[How to complete this task] Repeat only what runs from the line with "ورشة: بين الضّغط" through the last line of the data below, both included, keeping every word as it is and leaving out the pictures.

[Stored data]

*** Begin section ***

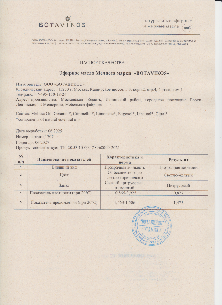 Мелисса 100% эфирное масло 10 мл, "Botavikos"
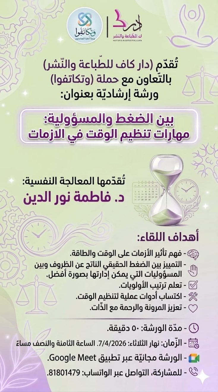 ورشة: بين الضّغط والمسؤوليّة.. مهارات تنظيم الوقت في الأزمات
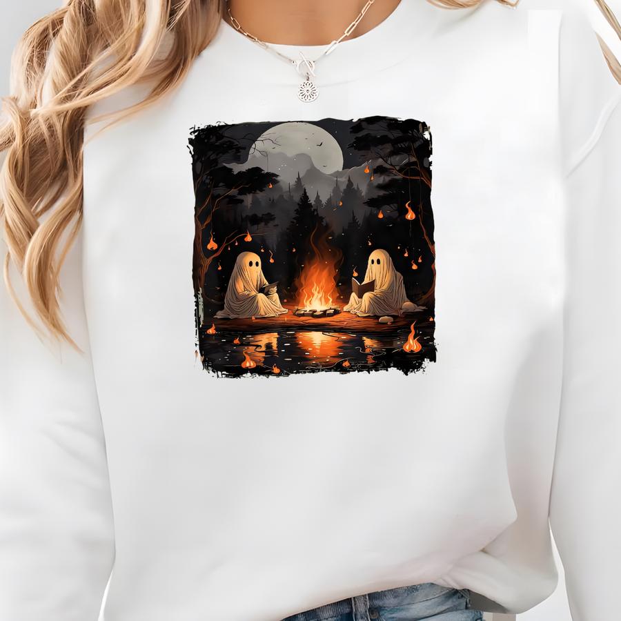Ghost Campfire Hoodie: Spooky Halloween Pullover, Cozy Fall Night Gift Sweatshirt

*** End section ***

[Final answer]
 ورشة: بين الضّغط والمسؤوليّة.. مهارات تنظيم الوقت في الأزمات
Ghost Campfire Hoodie: Spooky Halloween Pullover, Cozy Fall Night Gift Sweatshirt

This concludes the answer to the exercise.